■ What you have to do
Lines below starting with the line with "Купальник-бандо на подкладке." and going on through the line with "Whether on a" must be output exactly; the rest of the records must be left out.

■ Data records

○ ○ ○ ○ ○ ○ ○

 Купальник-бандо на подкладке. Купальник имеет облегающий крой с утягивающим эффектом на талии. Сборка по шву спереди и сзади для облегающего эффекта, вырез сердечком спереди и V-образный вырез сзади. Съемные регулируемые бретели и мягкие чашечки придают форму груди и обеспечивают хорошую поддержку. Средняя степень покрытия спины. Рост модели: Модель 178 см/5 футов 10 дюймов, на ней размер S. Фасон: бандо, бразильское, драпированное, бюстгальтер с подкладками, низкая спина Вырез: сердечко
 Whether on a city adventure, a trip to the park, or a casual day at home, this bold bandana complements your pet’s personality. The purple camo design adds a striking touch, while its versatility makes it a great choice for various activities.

○ ○ ○ ○ ○ ○ ○

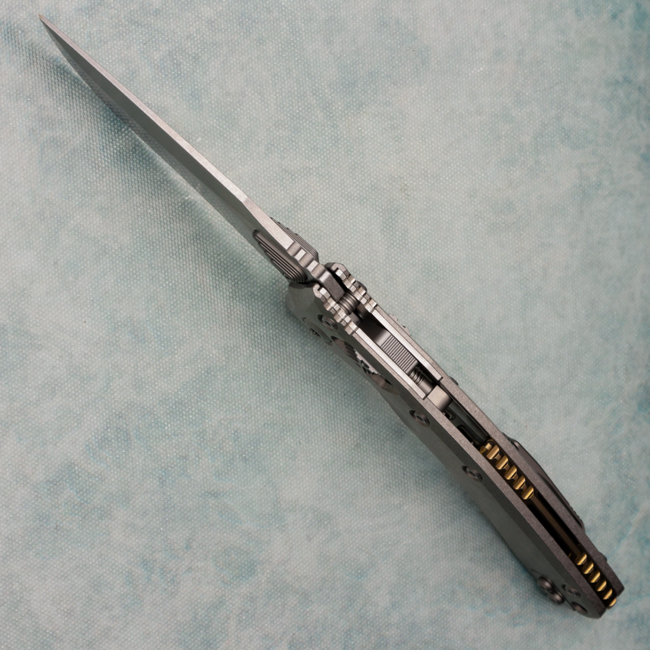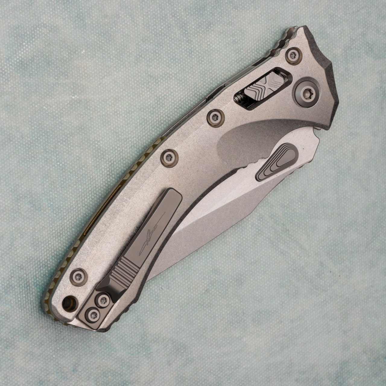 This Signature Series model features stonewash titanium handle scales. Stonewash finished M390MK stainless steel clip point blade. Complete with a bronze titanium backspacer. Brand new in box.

○ ○ ○ ○ ○ ○ ○

■ Result of this task
 Купальник-бандо на подкладке. Купальник имеет облегающий крой с утягивающим эффектом на талии. Сборка по шву спереди и сзади для облегающего эффекта, вырез сердечком спереди и V-образный вырез сзади. Съемные регулируемые бретели и мягкие чашечки придают форму груди и обеспечивают хорошую поддержку. Средняя степень покрытия спины. Рост модели: Модель 178 см/5 футов 10 дюймов, на ней размер S. Фасон: бандо, бразильское, драпированное, бюстгальтер с подкладками, низкая спина Вырез: сердечко
 Whether on a city adventure, a trip to the park, or a casual day at home, this bold bandana complements your pet’s personality. The purple camo design adds a striking touch, while its versatility makes it a great choice for various activities.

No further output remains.